Übrigens …

Vögel im Köln, Schauspiel

Von religiösem Zwang und Selbstbestimmung

Man denkt an Romeo und Julia, nicht selten auch an den weisen Nathan. Denn es geht um Leben, Liebe und Tod. Um die Liebe zwischen einem Berliner Juden, dem Jungen Eitan, und einer Palästinenserin, der ebenso jungen Wahida. Und es geht zugleich um mehr: um die Frage nach der eigenen Identität: Bin ich Jude, bin ich Araber, oder einfach „nur“ Mensch „Unseren Genen“, so der aufsässige Eitan, „ist das egal“. Da spricht der aufgeklärte Biogenetiker - und die dramatischen Folgen sind absehbar.

Denn mögen sich die Beiden auch lieben. Da ist immer noch die Familie, sind die religiös-kulturellen Wurzeln, von denen zu lösen keinem so recht gelingen mag. Und als sich herausstellt, dass Eitans sich als Jude kompromisslos gebender Vater David in Wirklichkeit ein arabisches Findelkind ist, einst nach einem Kriegsgemetzel von Davids Vater Etgar gerettet, droht eine ganze Welt zusammenzubrechen.

Unterkühlt ist die erste Szene in Stefan Bachmanns Kölner Inszenierung des Stücks, dessen Titel Vögel scheinbare Freiheit verheißt. Sein Autor Wajdi Mouawad, im Libanon geborener, fünfzigjähriger, in Frankreich lebender Frankokanadier, ist mit diesem Drama, das drei Generationen auf drei Zeitebenen miteinander verbindet und zugleich die Unterschiede aufzeigt, ein packendes Stück Zeit-Theater gelungen. Dass sie in vier Sprachen miteinander reden, auf Hebräisch und Arabisch, Englisch und Deutsch- wenn auch mit Übertiteln -, erleichtert zwar nicht gerade das Verständnis, macht aber auch die Fremdheit zwischen den Kulturen deutlich.

Sieben Tische, Stühle, sieben vereinzelte Menschen vor einem Lamellenvorhang (Bühne: Jana Findeklee und Joki Tewes). Hier lernen sich Eitan und Wahida kennen. In New York, in einer Universität-Bibliothek. Und das Drama kann beginnen. Dass beide letztlich nicht aus ihrer vermeintlich so aufgeklärten Haut heraus können, wird sich bald zeigen: Papa David, ein Bulle von einem Mann und jüdischer als jeder Rabbi, überschlägt sich vor Abneigung – Eitands Liebe Wahida gegenüber. Selbst Mama, Ex-DDR-Kommunisten, kommt dagegen nicht an.

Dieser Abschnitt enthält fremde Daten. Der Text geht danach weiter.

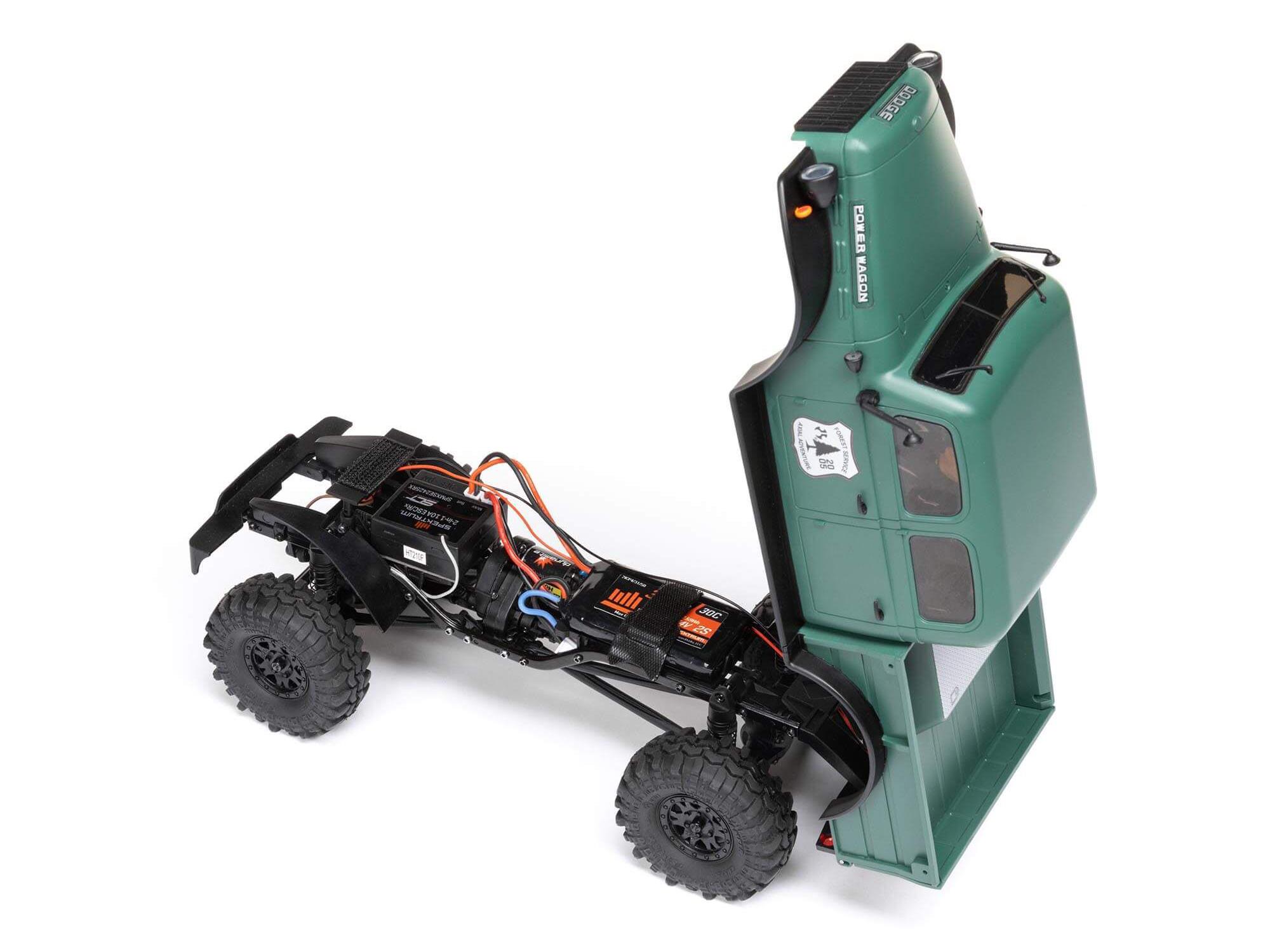 If you're a full-size classic auto enthusiast who's new to RC, you too will be thrilled by this rig's 1/24 scale accuracy and ready-to-run simplicity. Fully assembled and fully equipped, the Power Wagon tops off its muscular chassis with a moulded ABS hard body in a custom 4-door design that's loaded with detail. An overlanding rack and accessories, included for optional installation, add to the realism. It looks ready to take on the wilderness — and it is!
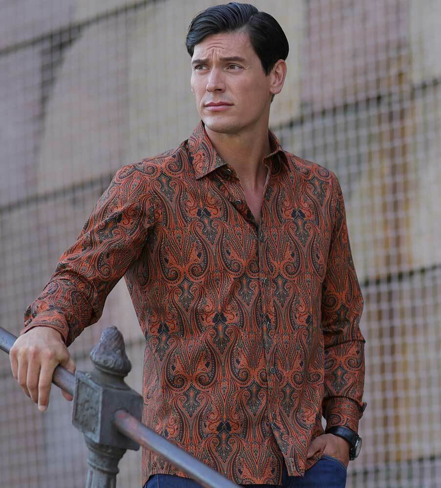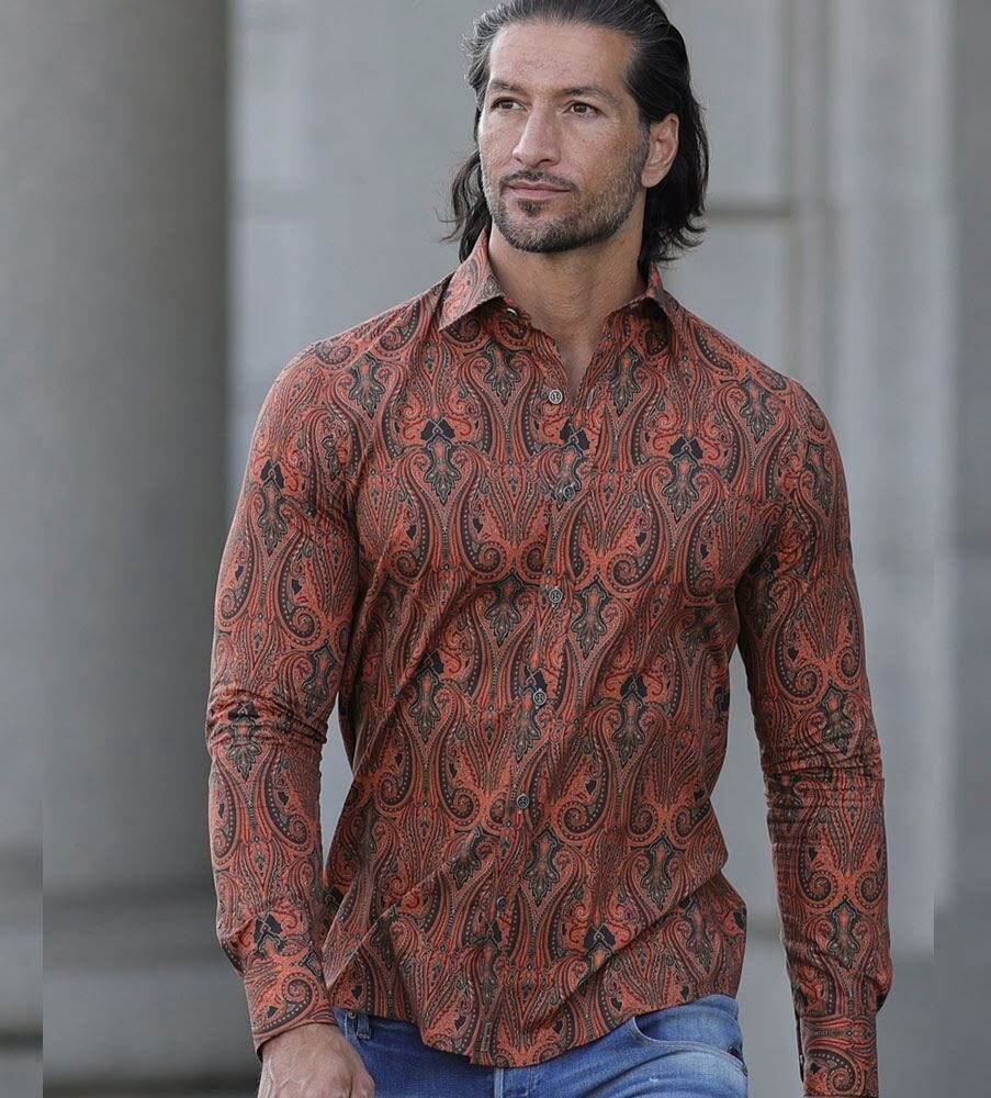 Här har du en fantastisk skjorta med ett ikoniskt paisleymönster i säsongens statement färger. Skjortan är uppsydd av en fin bomullspoplin från Italien som är både hållbar och bekväm. Skjortan har snygga metallknappar från arkivet och rundade, trendrätta manschetter. Med den här skjortan i garderoben står du rustad för alla tillfällen då skjortan passar lika till vardags som vid speciella tillfällen vilket gör den till den perfekta versatila skjortan. Skjortan finns i en till nyans här >>

So wird persönliches Schicksal unauflösbar mit der Zugehörigkeit zu einer Gemeinschaft verbunden – und Mouawads Vögel werden zu einer ambivalenten Metapher sowohl für die Freiheit der Lüfte wie den immer wieder notwendigen Kontakt zur Erde, zu den Wurzeln.

Da kann Eitan, der junge Revolutionär, noch so sehr mit den Flügeln schlagen, die Verkrustungen vermag er nicht aufzubrechen. Erst als sich um ihn, den von einer Bombenexplosion schwer Verwundeten, gleich drei Generationen zusammenfinden, deutet sich eine leichte Entspannung an. Zumal Großmutter Leah (Margot Gödrös) und Großvater Etgar (Martin Reinke) das Lügengespinst der Familie um Vater David (Bruno Cathomas) lustvoll zerreißen. Ein altes Trio Infernale, das, böse und weise zugleich, scheinbare Wahrheiten und vermeintlich festgefügte Identitäten abstürzen lässt.

Es gibt, bei aller inszenatorischen Kühle, Szenen, in denen die Emotionen ausbrechen wie Vulkane. Aber auch solche, deren distanzierte Zärtlichkeiten zu rühren vermögen. Wenn Papa David sich von seinem Vater sagen lassen muss, „du bist das, was du verabscheust“ – das arabische Findelkind –, stürzt für ihn eine ganze Welt ein. Morsch war sie und ist sie, auf einer Lüge basierend. Und selbst der wieder genesene Eitan (Nikolay Sidorenko) gesteht: „Ich, Erbe zweier Völker, werde so lange keinen Trost finden, so lange sie sich einander zerreißen" – und fliegt mit Papa David, als wären sie von den Fesseln der Wirklichkeit befreite Vögel, davon.